• Aim of the task
Only the lines below from the one containing "Not very useful." through the one containing "In The Groove" belong in the answer, set down exactly, with the pictures left out.

• Information shown
################

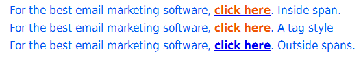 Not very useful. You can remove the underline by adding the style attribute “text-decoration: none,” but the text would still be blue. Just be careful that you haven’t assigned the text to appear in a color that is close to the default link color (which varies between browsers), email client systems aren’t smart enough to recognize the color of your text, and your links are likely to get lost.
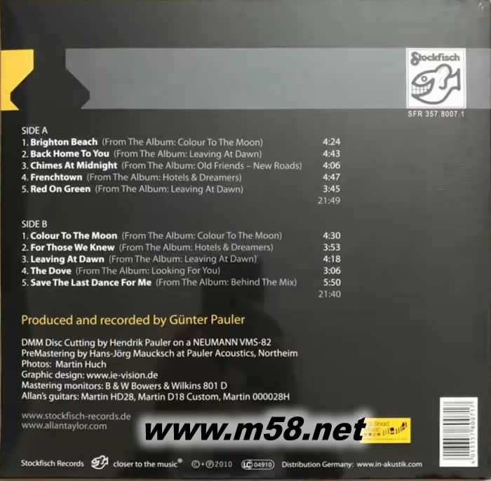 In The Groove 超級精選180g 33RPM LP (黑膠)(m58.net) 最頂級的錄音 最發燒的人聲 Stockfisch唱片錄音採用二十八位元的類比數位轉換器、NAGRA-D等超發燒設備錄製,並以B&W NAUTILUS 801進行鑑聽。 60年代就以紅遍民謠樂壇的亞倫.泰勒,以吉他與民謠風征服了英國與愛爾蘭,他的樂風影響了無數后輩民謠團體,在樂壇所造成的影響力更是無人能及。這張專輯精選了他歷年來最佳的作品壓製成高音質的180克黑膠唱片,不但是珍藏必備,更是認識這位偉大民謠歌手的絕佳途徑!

################

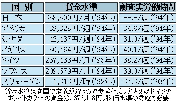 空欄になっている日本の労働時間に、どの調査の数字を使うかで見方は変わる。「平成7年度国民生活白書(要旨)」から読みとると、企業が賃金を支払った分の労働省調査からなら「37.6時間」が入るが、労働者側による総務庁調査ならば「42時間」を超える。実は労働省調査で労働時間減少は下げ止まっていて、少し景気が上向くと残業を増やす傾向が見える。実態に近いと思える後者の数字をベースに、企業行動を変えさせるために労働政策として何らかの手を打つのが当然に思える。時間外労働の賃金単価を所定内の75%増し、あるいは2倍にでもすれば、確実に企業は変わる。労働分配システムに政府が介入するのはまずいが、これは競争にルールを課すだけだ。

################

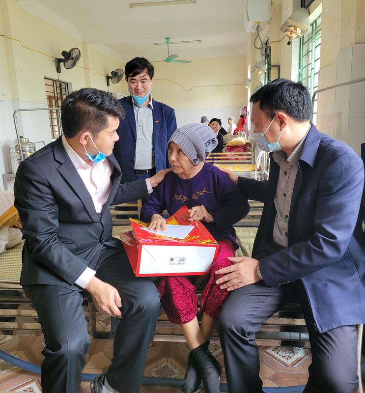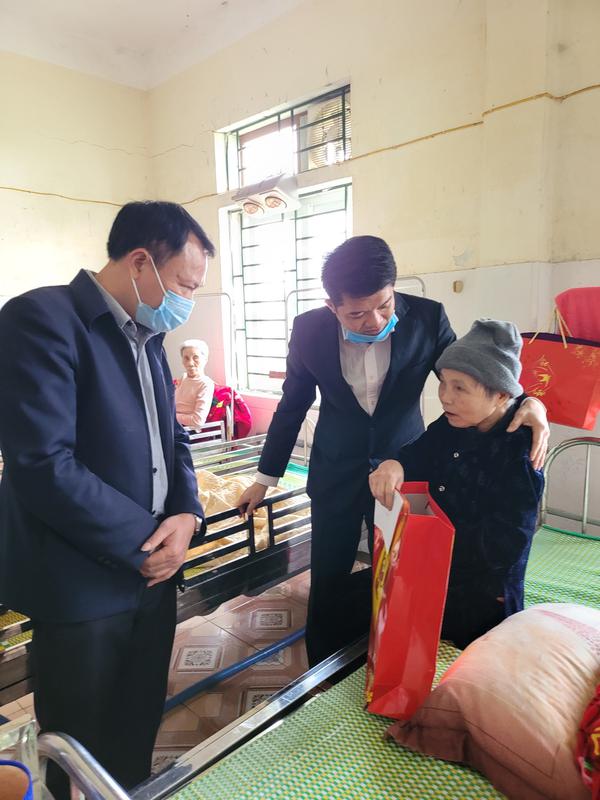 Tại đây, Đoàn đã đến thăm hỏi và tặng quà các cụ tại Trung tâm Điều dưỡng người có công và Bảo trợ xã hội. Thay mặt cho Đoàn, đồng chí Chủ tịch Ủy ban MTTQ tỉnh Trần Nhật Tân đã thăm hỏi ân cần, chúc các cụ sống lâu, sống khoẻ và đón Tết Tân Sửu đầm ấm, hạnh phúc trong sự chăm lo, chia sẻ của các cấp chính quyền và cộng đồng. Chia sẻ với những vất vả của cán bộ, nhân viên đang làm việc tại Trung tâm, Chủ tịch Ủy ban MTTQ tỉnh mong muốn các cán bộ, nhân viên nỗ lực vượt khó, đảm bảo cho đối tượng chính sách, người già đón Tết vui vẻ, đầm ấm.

################

• Expected answer
 Not very useful. You can remove the underline by adding the style attribute “text-decoration: none,” but the text would still be blue. Just be careful that you haven’t assigned the text to appear in a color that is close to the default link color (which varies between browsers), email client systems aren’t smart enough to recognize the color of your text, and your links are likely to get lost.
 In The Groove 超級精選180g 33RPM LP (黑膠)(m58.net) 最頂級的錄音 最發燒的人聲 Stockfisch唱片錄音採用二十八位元的類比數位轉換器、NAGRA-D等超發燒設備錄製,並以B&W NAUTILUS 801進行鑑聽。 60年代就以紅遍民謠樂壇的亞倫.泰勒,以吉他與民謠風征服了英國與愛爾蘭,他的樂風影響了無數后輩民謠團體,在樂壇所造成的影響力更是無人能及。這張專輯精選了他歷年來最佳的作品壓製成高音質的180克黑膠唱片,不但是珍藏必備,更是認識這位偉大民謠歌手的絕佳途徑!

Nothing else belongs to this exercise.